:: SUPPLIED INFORMATION

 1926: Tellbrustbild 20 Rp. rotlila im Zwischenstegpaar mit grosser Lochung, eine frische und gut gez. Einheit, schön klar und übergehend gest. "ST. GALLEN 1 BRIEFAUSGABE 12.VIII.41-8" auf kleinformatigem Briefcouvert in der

::::
:: SUPPLIED INFORMATION

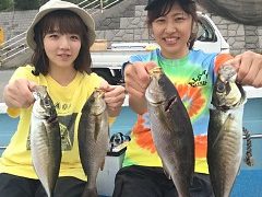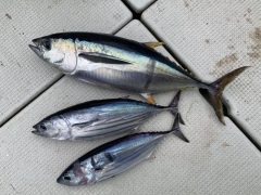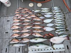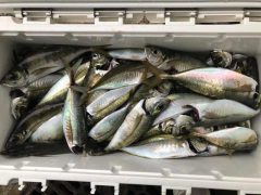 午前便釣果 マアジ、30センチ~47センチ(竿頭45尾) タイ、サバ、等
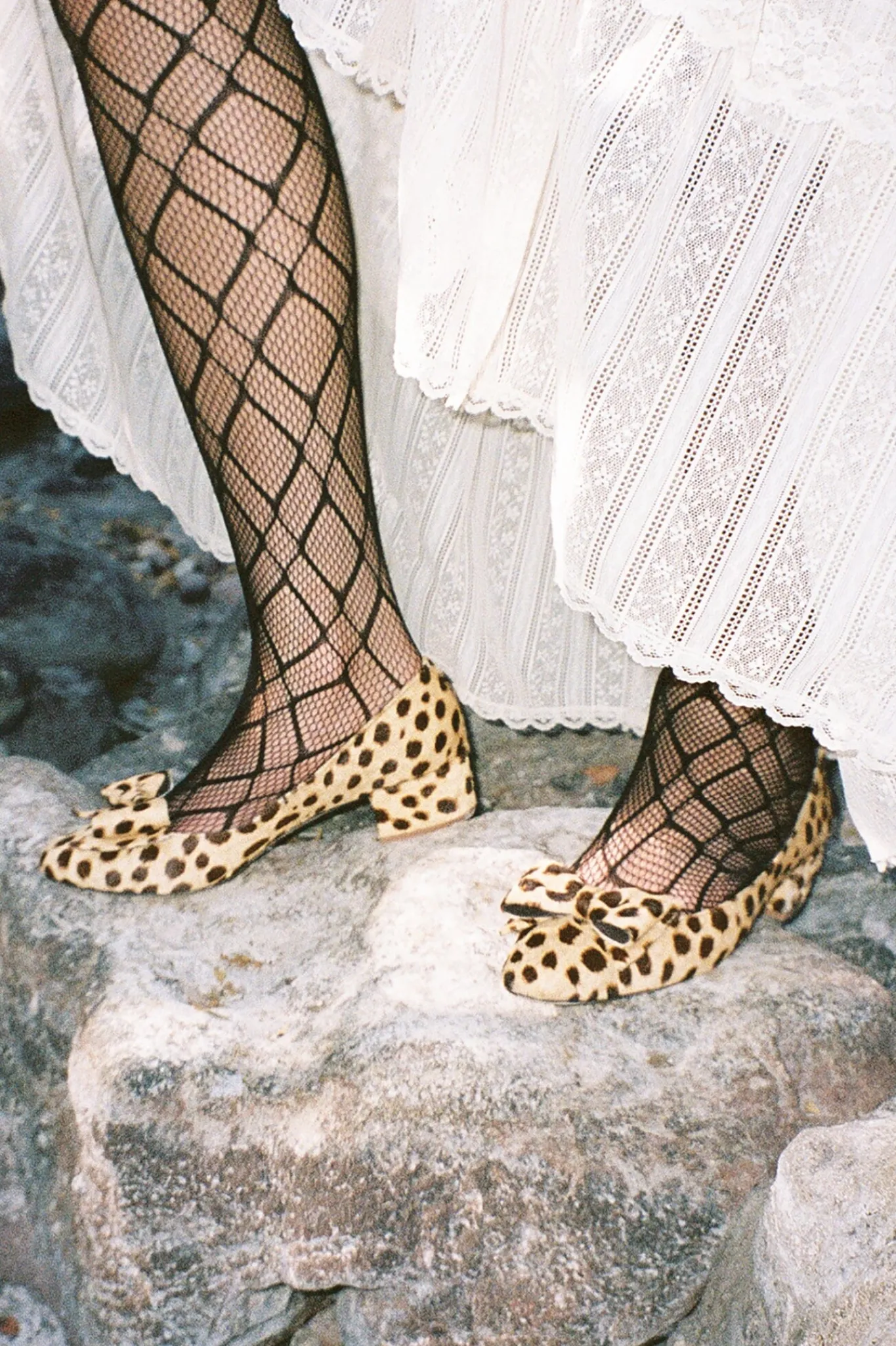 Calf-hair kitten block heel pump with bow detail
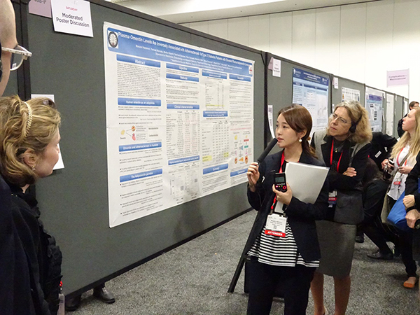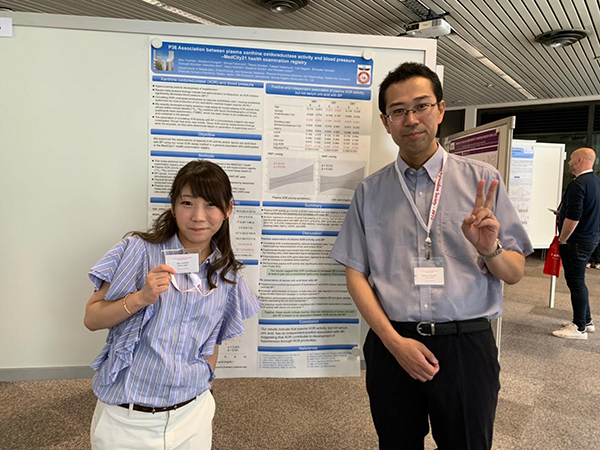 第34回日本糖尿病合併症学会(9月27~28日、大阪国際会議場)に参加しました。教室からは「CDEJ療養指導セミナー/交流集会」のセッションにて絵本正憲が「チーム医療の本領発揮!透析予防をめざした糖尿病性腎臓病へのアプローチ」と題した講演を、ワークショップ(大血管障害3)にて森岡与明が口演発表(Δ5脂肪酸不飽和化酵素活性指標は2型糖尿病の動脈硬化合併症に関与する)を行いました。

::::

_YOUR ASSIGNMENT_. Beginning with the line above that contains "午前便釣果 マアジ、30センチ~47センチ(竿頭45尾) タイ、サバ、等" and ending with the line that contains "第34回日本糖尿病合併症学会", quote each line exactly, keeping out the pictures.

_WRITTEN REPLY_.
 午前便釣果 マアジ、30センチ~47センチ(竿頭45尾) タイ、サバ、等
 Calf-hair kitten block heel pump with bow detail
 第34回日本糖尿病合併症学会(9月27~28日、大阪国際会議場)に参加しました。教室からは「CDEJ療養指導セミナー/交流集会」のセッションにて絵本正憲が「チーム医療の本領発揮!透析予防をめざした糖尿病性腎臓病へのアプローチ」と題した講演を、ワークショップ(大血管障害3)にて森岡与明が口演発表(Δ5脂肪酸不飽和化酵素活性指標は2型糖尿病の動脈硬化合併症に関与する)を行いました。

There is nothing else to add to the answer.